Role & responsibilities

Quality Management system

• Review / approve Master documents like Batch documents, Specifications, Standard Test Procedures, artworks, Methods and other Good Manufacturing Practices (GMP) / quality related documents.
• Review/approve Site Master File (SMF), Validation Master Plan (VMP), Quality Manual and other organizational Quality Management System (QMS) related documents.
• Authorize to approve GMP/QMS documents, policies & protocols. Ensure that documents are prepared & implemented that meet GMP requirements.
• Approve/Reject Change Control, Deviation, CAPA and follow up for the closer of the same.
• Review / approve investigations, CAPA proposal & risk assessment.
• Attend / present status in Quality Review Meetings.
• Monitor internal audit program and ensure closure of audit findings.

• Audit and compliance:

• Compliance with the external and internal audit observations.
• Site preparedness / readiness for customer and regulatory audits.
• Responsible for overall QA compliance activity.

• Vendor qualification and management:

• Perform vendor audit (raw material / contract testing laboratory / calibration, GMP services & validation agency).
• Review / Approve vendor audit reports, qualification documents and related activities.
• Ensure adherence to audit schedule and closure of audit observation.
• Coordination with the vendors.

• Training and Development:

• Imparting the training to cross functional teams like Engineering, production and other departments on the relevant topics.
• Review / Approve training activities; and imparting inhouse training.
• Identify training needs and impart training at site.
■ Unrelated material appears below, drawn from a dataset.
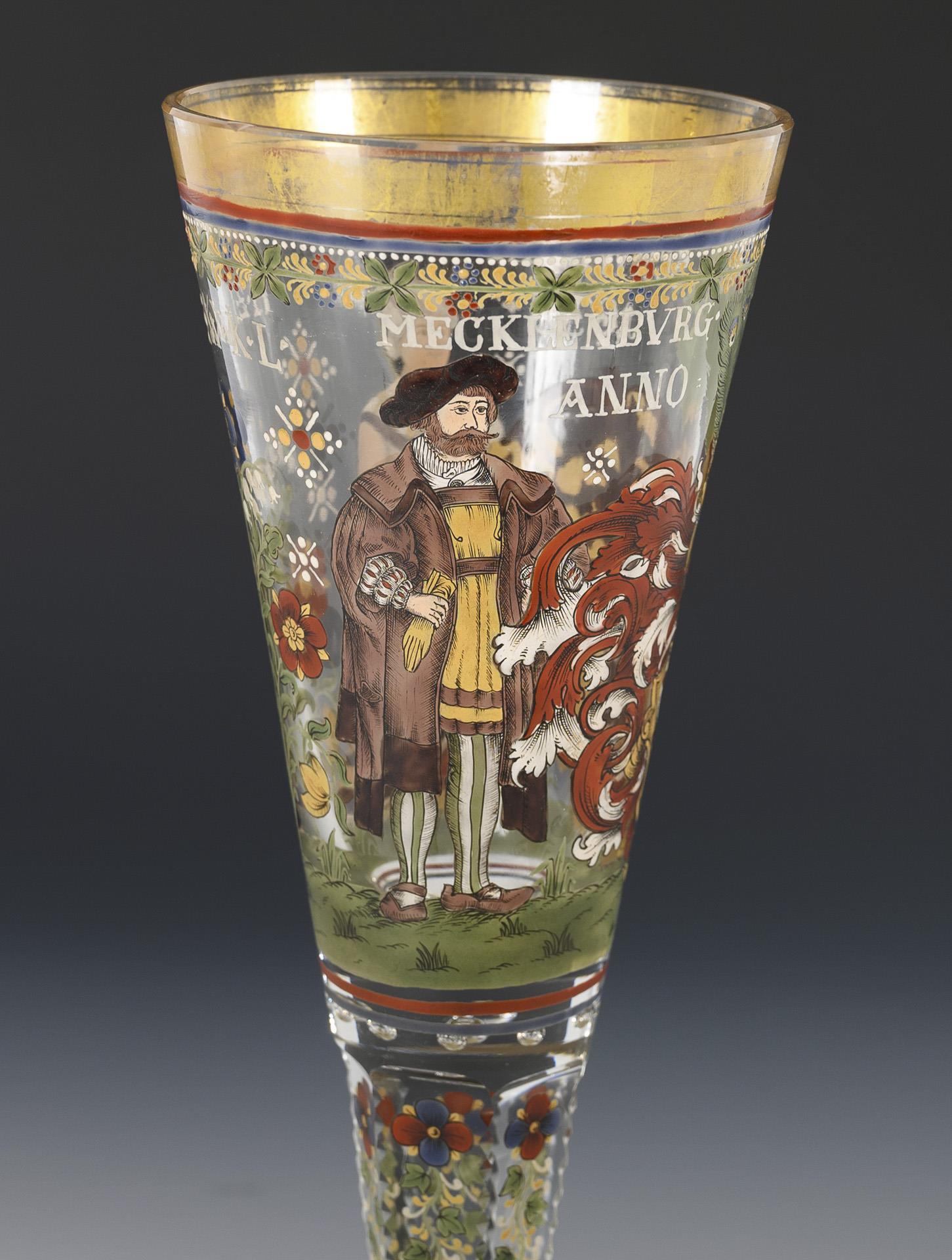 Konische, in den facettierten, gezänkelten Schaft übergehende Kuppa mit einem eingestochenen Luftblasenkranz am Kuppaboden, Rundfuß mit Bodenstern. Auf der Kuppa die Darstellung des von einem Edelmann und einer Edelfrau flankierten Mecklenburger Wappens mit der Bezeichnung "Mecklenburg Schwerin Anno 1635 HZI WKL". Gold berieben, Bestoßung am Mündungsrand.

• Analytical data assurance:

• Ensure laboratory activities are performed as per respective SOP.
• Ensure sample are timely testing & released, material / product is stored appropriately.
• Ensure investigation is performed for all the nonconformance / events.

• Documents Control:

• Ensure controlled copy, uncontrolled copy and other copy as per the requirement and issue to the concern department / personnel.
• Ensure the soft copy of the document in the QA folder.
• Ensure procedures related to Control of SOPs and Quality Documents are followed.